## RECORDS FOR THIS TASK
§ §

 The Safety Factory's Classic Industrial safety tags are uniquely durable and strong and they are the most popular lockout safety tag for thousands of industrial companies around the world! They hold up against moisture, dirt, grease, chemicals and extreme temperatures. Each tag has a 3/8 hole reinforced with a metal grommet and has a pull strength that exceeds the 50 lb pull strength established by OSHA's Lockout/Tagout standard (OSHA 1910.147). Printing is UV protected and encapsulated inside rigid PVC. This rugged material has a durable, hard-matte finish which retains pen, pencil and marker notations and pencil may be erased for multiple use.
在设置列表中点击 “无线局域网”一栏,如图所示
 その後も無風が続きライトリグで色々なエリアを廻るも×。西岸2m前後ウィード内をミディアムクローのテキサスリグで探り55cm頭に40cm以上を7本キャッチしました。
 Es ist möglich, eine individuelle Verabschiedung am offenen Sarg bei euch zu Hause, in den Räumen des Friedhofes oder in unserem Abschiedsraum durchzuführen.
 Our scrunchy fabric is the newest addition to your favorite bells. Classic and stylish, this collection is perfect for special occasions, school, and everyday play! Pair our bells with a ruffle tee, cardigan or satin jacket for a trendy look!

§ §

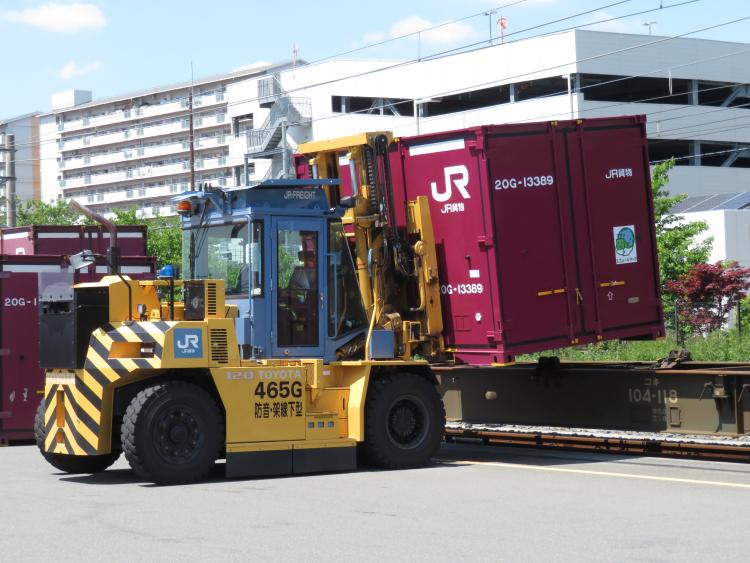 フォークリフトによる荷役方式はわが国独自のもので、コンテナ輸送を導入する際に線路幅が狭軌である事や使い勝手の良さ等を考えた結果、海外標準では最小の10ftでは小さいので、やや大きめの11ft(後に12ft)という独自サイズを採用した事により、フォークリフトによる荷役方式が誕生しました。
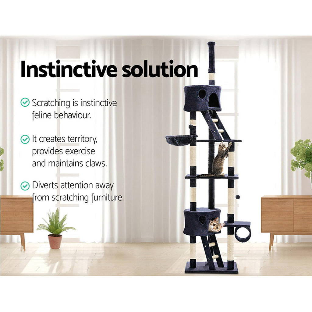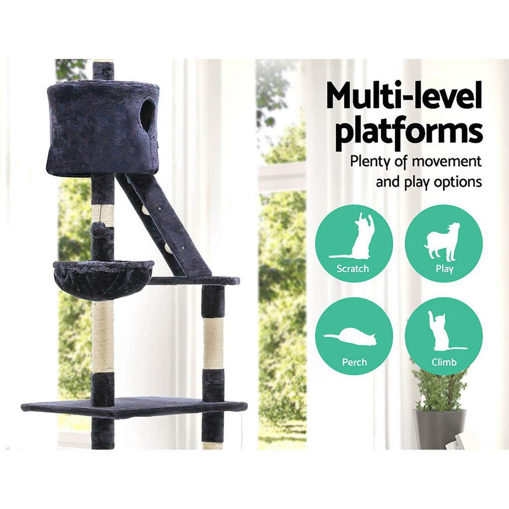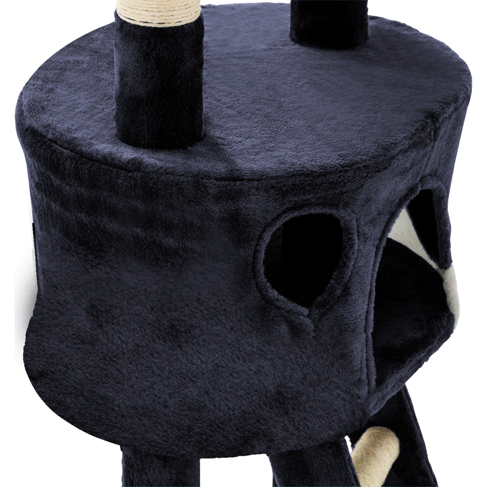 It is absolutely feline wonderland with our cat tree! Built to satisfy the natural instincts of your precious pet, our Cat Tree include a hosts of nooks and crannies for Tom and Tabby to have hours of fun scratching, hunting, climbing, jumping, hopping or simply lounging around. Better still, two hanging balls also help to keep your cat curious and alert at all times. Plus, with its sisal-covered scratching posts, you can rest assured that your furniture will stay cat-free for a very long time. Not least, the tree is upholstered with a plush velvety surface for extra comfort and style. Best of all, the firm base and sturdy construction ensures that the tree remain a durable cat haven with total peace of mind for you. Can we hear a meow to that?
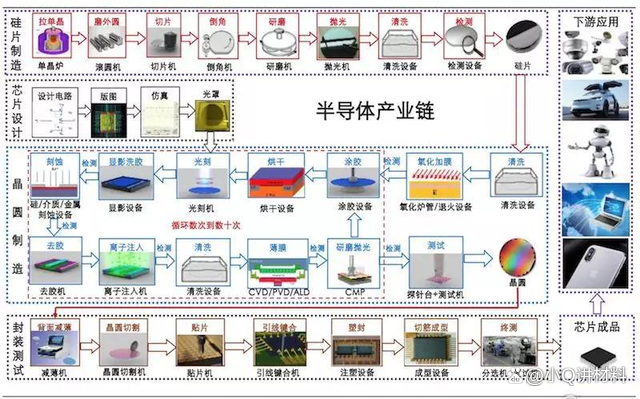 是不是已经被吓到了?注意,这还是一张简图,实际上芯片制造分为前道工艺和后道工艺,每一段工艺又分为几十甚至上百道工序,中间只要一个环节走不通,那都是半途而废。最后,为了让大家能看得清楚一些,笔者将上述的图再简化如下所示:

§ §

## TASK OBJECTIVE
Scan the listing above for the line that has "その後も無風が続きライトリグ", then copy exactly from that line through the line that has "Our scrunchy fabric".

## OUTPUT OF THE TASK
 その後も無風が続きライトリグで色々なエリアを廻るも×。西岸2m前後ウィード内をミディアムクローのテキサスリグで探り55cm頭に40cm以上を7本キャッチしました。
 Es ist möglich, eine individuelle Verabschiedung am offenen Sarg bei euch zu Hause, in den Räumen des Friedhofes oder in unserem Abschiedsraum durchzuführen.
 Our scrunchy fabric is the newest addition to your favorite bells. Classic and stylish, this collection is perfect for special occasions, school, and everyday play! Pair our bells with a ruffle tee, cardigan or satin jacket for a trendy look!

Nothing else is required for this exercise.